作者:中共中央文献研究室  更新时间:2024-04-17 21:04:26  来源:《毛泽东年谱》第五卷  责任编辑:复兴网


  9月1日 下午,在庐山芦林一号主持召开各中共中央局第一书记汇报会。周恩来说,今后两年补充计划初步确定,煤为五亿吨,钢为一千五百万吨。毛泽东说:我看现在这样的指标不是悲观的指标,因为只是这两年嘛,是补充计划嘛,就像我们红军在万里长征之后要补充一样。那时候,只留下两万多军队,一方面军只有八千多人。我在一个会上作报告说,留下两万多人,我们更强了,因为我们有了经验。后来果然如此,政策一变,又发展到一百二十万。不要以为现在的情况很坏,达于极点了就好了。(陈云:由中央有关的综合单位,按产业系统召开重点企业各方面人员参加的小型会议,让大家畅所欲言地从各方面把问题兜出来,然后一个一个地研究。)我赞成陈云同志提的办法,主要开小型会议,要取得一致认识,然后去做,接近客观实际就好办。(陈云:建议在《关于当前工业问题的指示》中把综合平衡问题单写一条。)讲得好,请陈云同志为工业指示写一条综合平衡。毛泽东还说:生意我们总是要做的,美国人不跟我们做,他要政治条件,并不是我们不跟美国人做。

  9月4日 下午,在庐山芦林一号主持召开中共中央政治局常委会议。在谈到邓小平将率代表团参加朝鲜劳动党第四次全国代表大会时,毛泽东提出请邓小平下山之前,在中央工作会议上就当前的情况谈一谈自己的意见。五日上午,邓小平在大会上作长篇讲话,讲了五个问题:(一)对最近三年主要是最近二年工作的估计;(二)三年调整的目标,包括粮食、棉花、煤、钢、日用品、副食品、外贸、市场、物价、税收等;(三)方法问题;(四)集中统一,分级管理;(五)统一认识问题。邓小平说:毛主席说统一认识就好办了。我们这次会议把认识统一了,就可以在一个目标下面积极地去干。

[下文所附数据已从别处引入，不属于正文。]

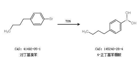 2.通過對丁基溴苯合成4-正丁基苯硼酸,收率約78%;
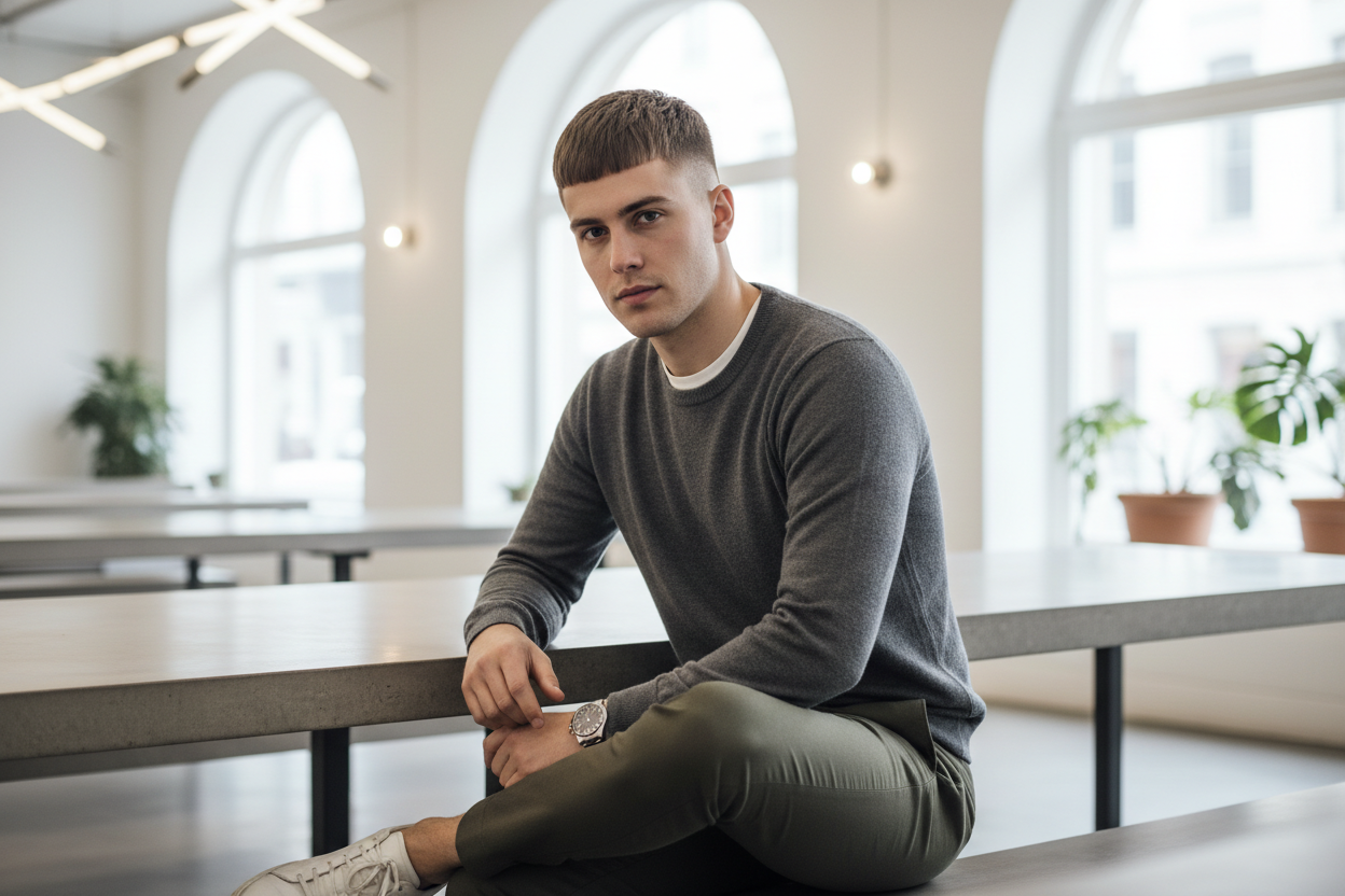 Bu modelde yanlar ve arka kısımlar oldukça kısa, genellikle makine ile 1-3 numara arasında kesilir. Üst kısım ise yaklaşık 2-4 cm uzunluğunda bırakılır ve öne doğru düz bir şekilde taranır. Net, temiz ve profesyonel bir görünüm arayanlar için mükemmel bir seçenektir.
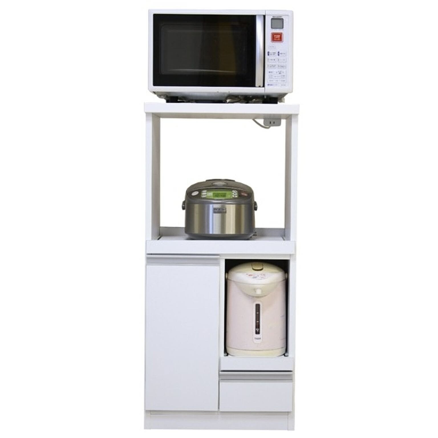 レンジ台 幅48cm スライドカウンター 1口コンセント 可動棚付き 木目柄 日本製 コンパクト キッチン収納 完成品【代引不可】
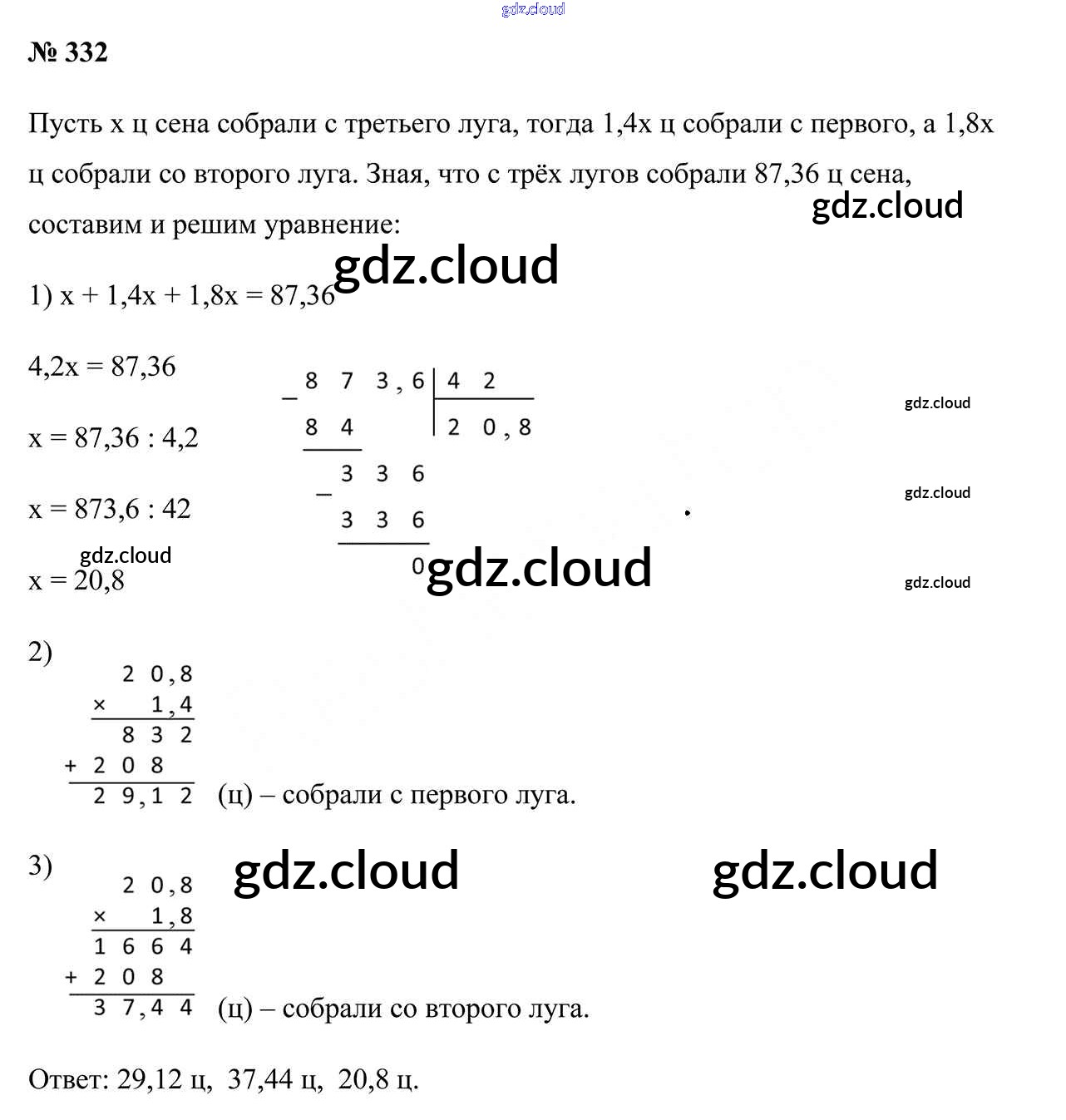 Ответ на задание 332 Учебник Математика за 6 (шестой) класс Герасимов, Пирютко 2018 онлайн и без номера телефона.
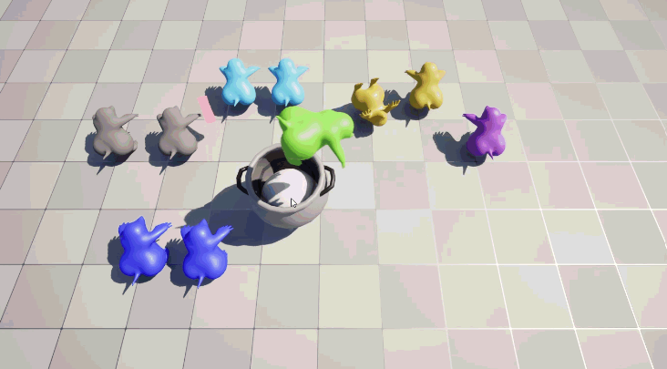 Players drag the materials (the moles) of different elements into the cauldron in the middle, and upon pressing a pot with 2 materials or more in it, you create a new potion. If the pot has less than 2 materials, pressing the pot resets the recipe.
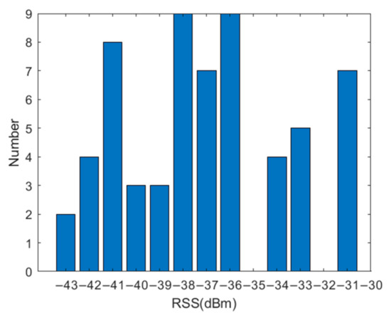 To clearly illustrate the RSS fluctuation, we conduct an experiment that collects 60 samplings continuous from an AP at a fixed RP by using Xiaomi MI-2. Figure 1 shows the statistics histogram. It can be seen that even at the same location, RSS also changes over time. A similar experimental result is reported in [45]. This phenomenon shows that few samplings do not accurately reflect the RSS distribution, which decreases the positioning accuracy by only using a single feature of RSS [19,20].
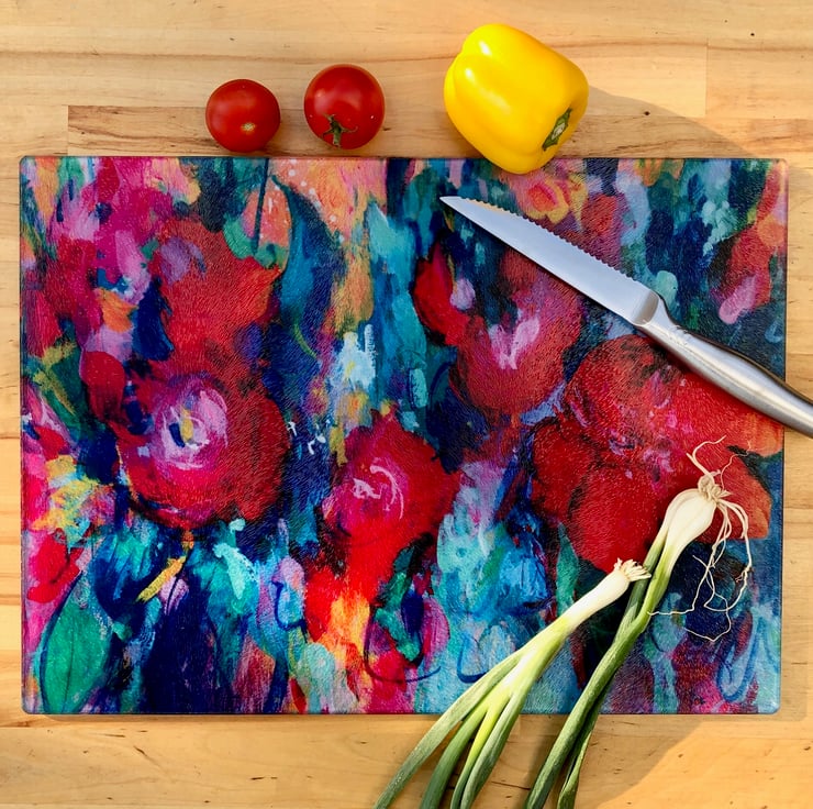 Add a splash of colour to your kitchen with this unique chopping board featuring the joyful, floral design 'Carnival' taken from one of my original paintings.
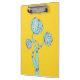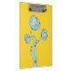 Flores mecánicas portapapeles con un divertido ilustracion vectorial extraño de flores azules que se parece a lotos con pétalos hechos de placas de circuitos electrónicos sobre fondo amarillo personalizable. Este diseño relacionado con la tecnología es genial para un chica geek.
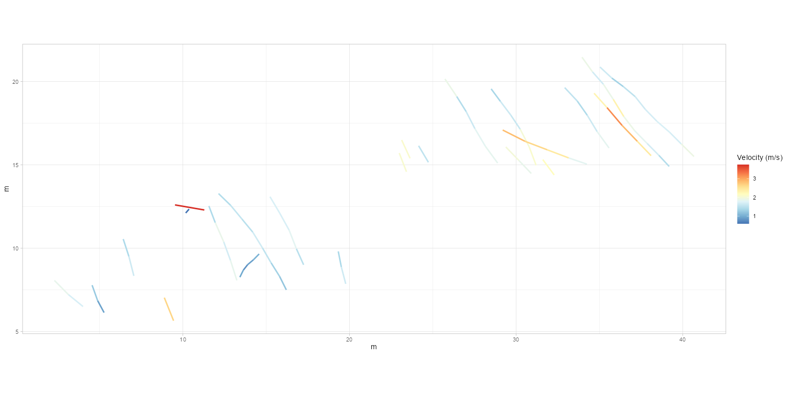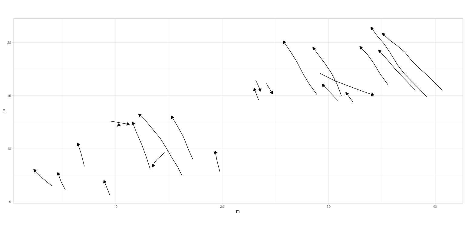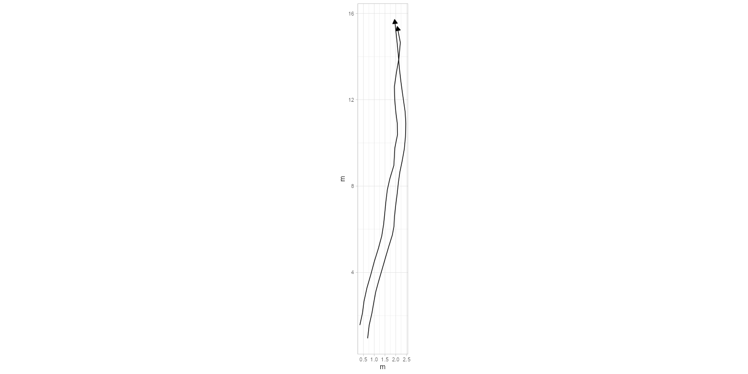 plot_track(PaluxyRiver, plot = "Trajectories", arrow.t = TRUE, arrow.size = 0.1)

  9月5日 在庐山芦林一号主持召开中共中央政治局常委会议。

  9月6日 阅中共中央农村工作部八月二十四日编印的《农村简报》登载的《各地贯彻执行六十条的情况和问题》。这个材料说:各地反映,“六十条”初步贯彻执行以来,农村形势已明显好转,主要表现在十个方面:初步调整了社队规模;退赔已经部分兑现;进一步确立了以生产大队为基础的三级集体所有制;给社员分配和补充了自留地,发展了家庭副业;普遍地恢复了“三包一奖”和定额管理、评工记分等制度;过去用行政命令方式组织起来的“全民食堂”大部分有领导地解散了;普遍实行了粮食分到户的办法,农民的生活问题一般的比去年缓和;多数地方对于今年夏收比较重视;高级社时期一系列有效的经营管理制度,大部分得到了恢复和发展;各地对于恢复和发展生产有了更大的信心,约有百分之十几的县、社、队有一两年的时间就可以恢复到一九五七年的生产水平和生产力水平,一般地区需要三四年时间,另有百分之二十到三十的县、社、队还需要更长的时间。存在的问题也有十个方面:许多地方群众留粮和国家征购的数字都不能落实,群众普遍要求把征购任务定下来;退赔普遍不彻底,有的地方又发生新的平调现象;一部分地区还没有按照规定给社员留足自留地;平均主义思想依然存在;在一部分生产力破坏严重的地区,相当一部分干部和农民对于集体生产丧失信心,以致发展到“按劳分田”、“包产到户”、“分口粮田”等变相恢复单干的现象,更值得注意的是,推行包产到户的做法,带有一定的普遍性,差不多每个省、市、区都有发现,个别地方则是有领导地自上而下地执行这种做法;在经营管理方面,有些地方把全年一半以上的农活包工到户,导致变相的“包产到户”或“部分产量包到户”,损害了集体生产;有的生产大队和生产队分得过小,不能充分发挥集体生产的优越性;去冬今春改造的一部分三类社、队中,错排队、错划成分、干部处分面过宽等问题,尚未处理;部分干部怀疑“六十条”是否“太宽了”,是否“倒退”;群众对“六十条”热烈拥护,但普遍存在怕变的心理。毛泽东阅后批示:“此件很好,印发各同志。并带回去,印发省、市、区党委一级的委员同志们,开一次省委扩大会,有地委同志参加,对此件第二部分所提出的十个问题,作一次认真的解决。时间越早越好,以便在秋收、秋耕、秋种和秋收分配时间政策实行兑现,争取明年丰收。冬春两季六个月整风整社,训练干部,也在这一次省委扩大会上作出布置,主动权就更大了。生产、征购、生活安排,同时并举,就更加主动了。”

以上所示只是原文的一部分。